──────── Records shown

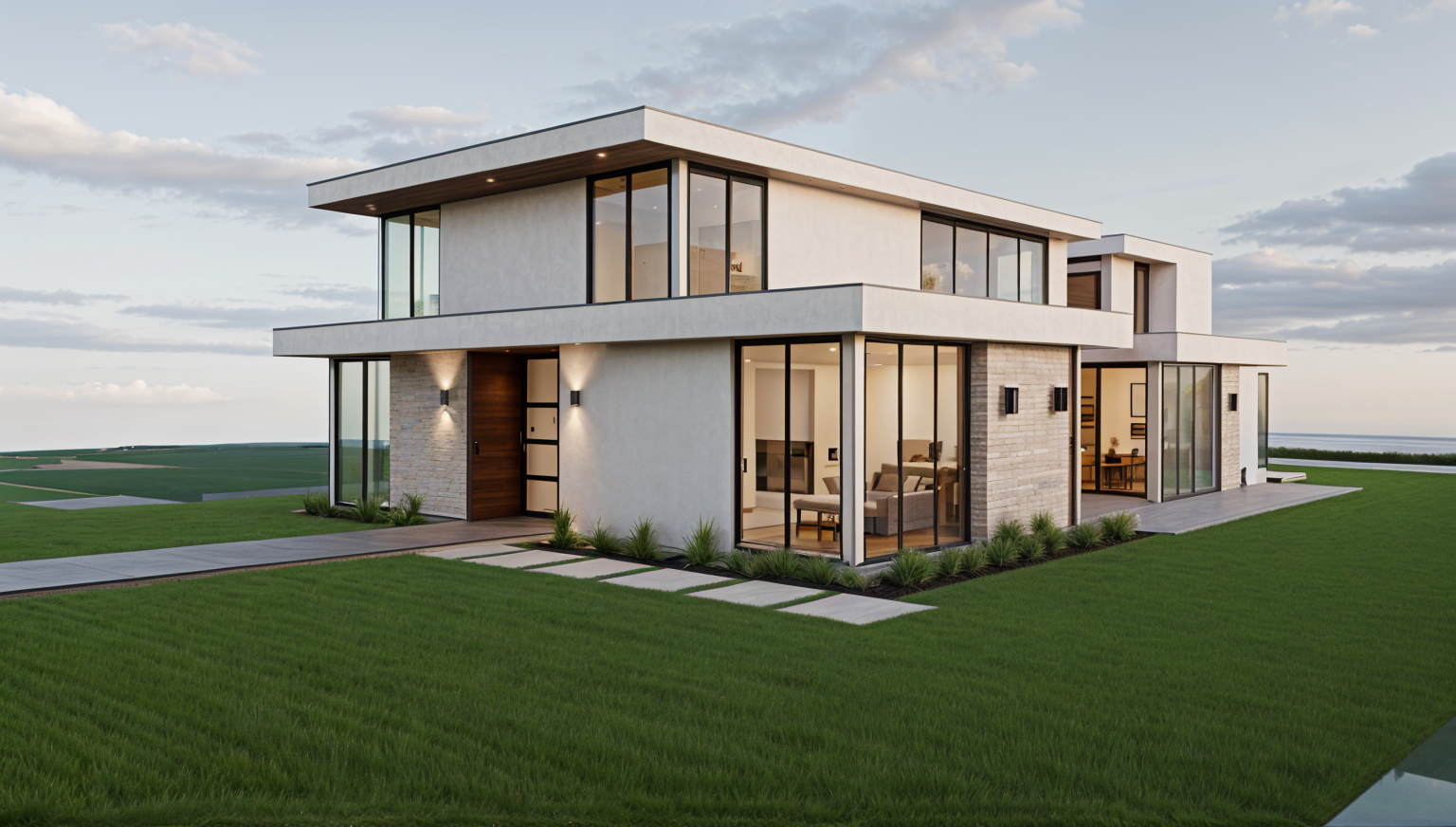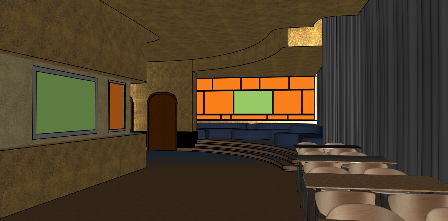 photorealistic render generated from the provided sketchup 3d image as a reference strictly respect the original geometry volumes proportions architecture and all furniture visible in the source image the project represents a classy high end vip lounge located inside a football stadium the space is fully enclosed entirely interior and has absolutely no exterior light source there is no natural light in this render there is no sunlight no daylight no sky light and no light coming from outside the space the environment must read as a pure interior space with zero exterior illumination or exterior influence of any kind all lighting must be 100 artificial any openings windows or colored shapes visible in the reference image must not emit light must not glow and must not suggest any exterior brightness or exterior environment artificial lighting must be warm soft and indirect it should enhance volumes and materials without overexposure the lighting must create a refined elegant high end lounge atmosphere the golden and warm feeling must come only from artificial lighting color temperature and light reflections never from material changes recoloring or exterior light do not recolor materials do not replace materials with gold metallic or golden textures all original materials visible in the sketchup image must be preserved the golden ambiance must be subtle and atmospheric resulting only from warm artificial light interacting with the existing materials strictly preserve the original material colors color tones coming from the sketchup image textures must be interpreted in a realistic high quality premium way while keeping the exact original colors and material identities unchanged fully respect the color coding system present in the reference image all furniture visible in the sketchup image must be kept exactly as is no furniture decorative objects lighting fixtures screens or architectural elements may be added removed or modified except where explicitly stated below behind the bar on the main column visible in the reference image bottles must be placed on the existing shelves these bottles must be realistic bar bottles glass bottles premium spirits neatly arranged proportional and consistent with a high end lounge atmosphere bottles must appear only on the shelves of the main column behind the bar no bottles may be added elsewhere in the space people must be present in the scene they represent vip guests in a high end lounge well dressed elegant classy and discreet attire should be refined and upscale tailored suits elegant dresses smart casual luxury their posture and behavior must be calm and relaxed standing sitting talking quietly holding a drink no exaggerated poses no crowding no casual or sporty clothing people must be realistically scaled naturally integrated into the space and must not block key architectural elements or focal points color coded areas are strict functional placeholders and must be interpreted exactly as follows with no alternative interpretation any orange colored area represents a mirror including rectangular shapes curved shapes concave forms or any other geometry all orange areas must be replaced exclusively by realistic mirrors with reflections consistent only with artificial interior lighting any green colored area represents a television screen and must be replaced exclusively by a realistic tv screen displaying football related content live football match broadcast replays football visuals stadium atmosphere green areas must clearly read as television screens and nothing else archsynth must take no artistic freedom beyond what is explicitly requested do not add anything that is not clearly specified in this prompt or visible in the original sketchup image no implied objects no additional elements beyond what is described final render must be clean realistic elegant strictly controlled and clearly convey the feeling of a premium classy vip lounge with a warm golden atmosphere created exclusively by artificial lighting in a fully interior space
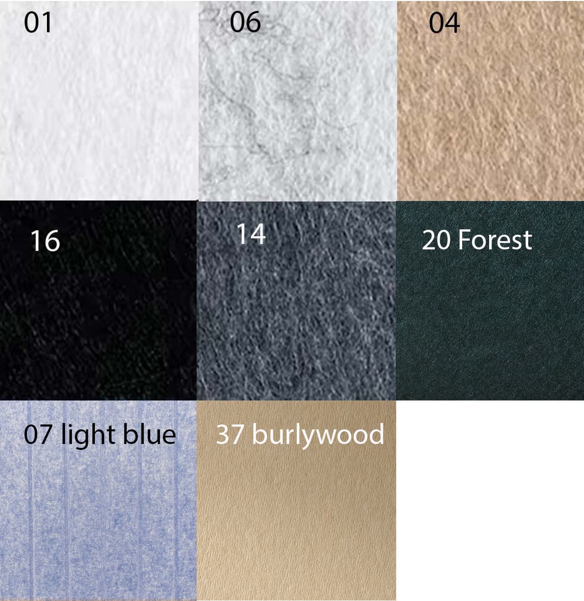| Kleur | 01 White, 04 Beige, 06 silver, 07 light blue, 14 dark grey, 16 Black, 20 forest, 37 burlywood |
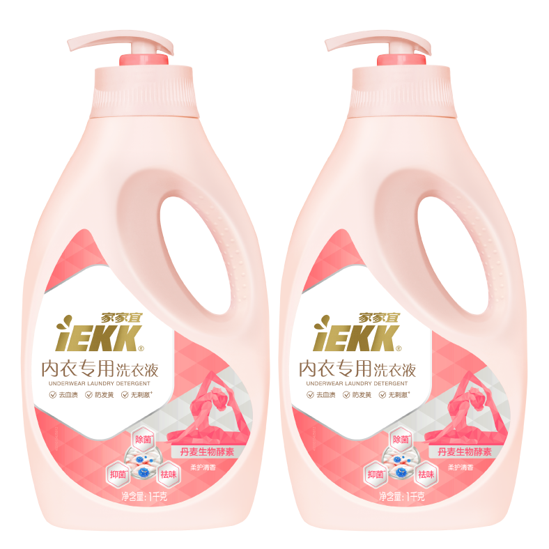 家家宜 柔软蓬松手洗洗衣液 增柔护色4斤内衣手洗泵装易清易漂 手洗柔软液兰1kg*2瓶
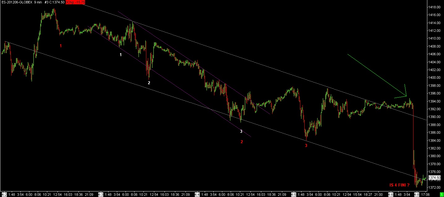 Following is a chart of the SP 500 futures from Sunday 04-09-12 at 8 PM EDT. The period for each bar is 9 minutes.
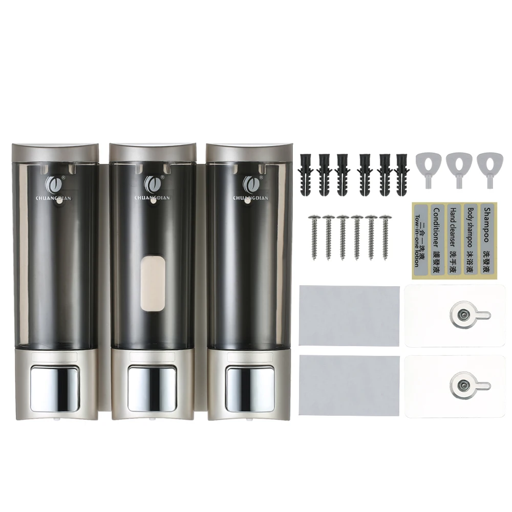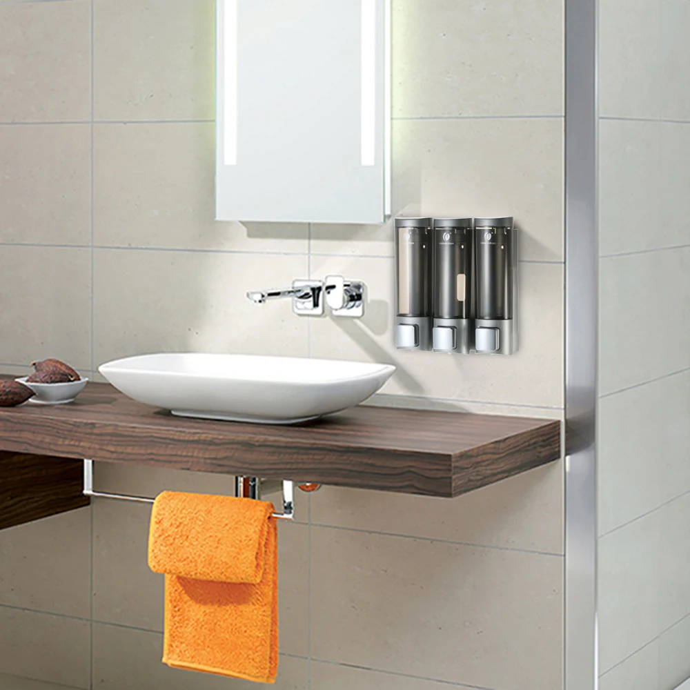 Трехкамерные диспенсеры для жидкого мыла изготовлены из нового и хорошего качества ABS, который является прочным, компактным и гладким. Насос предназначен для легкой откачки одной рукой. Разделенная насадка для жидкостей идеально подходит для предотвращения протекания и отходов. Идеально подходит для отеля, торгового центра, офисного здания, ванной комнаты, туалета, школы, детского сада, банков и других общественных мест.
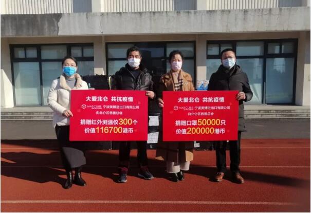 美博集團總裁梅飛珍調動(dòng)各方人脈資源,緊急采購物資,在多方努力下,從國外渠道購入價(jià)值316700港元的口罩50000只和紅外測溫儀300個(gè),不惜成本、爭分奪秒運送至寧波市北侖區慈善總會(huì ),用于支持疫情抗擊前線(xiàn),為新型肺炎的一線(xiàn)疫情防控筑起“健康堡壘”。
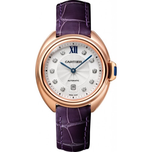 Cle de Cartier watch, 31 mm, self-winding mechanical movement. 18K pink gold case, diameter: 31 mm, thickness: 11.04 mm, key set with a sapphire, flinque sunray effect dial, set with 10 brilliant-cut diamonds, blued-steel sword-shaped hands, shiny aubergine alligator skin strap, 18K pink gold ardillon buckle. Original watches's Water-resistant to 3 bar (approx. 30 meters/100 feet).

────────────────

● **What you need to do**:
The answer is the lines of the material above, from the one containing "家家宜 柔软蓬松手洗洗衣液 增柔护色4斤内衣手洗泵装易清易漂 手洗柔软液兰1kg*2瓶" down to the one containing "Following is a", given exactly and without images.

● **Written solution**:
 家家宜 柔软蓬松手洗洗衣液 增柔护色4斤内衣手洗泵装易清易漂 手洗柔软液兰1kg*2瓶
 Following is a chart of the SP 500 futures from Sunday 04-09-12 at 8 PM EDT. The period for each bar is 9 minutes.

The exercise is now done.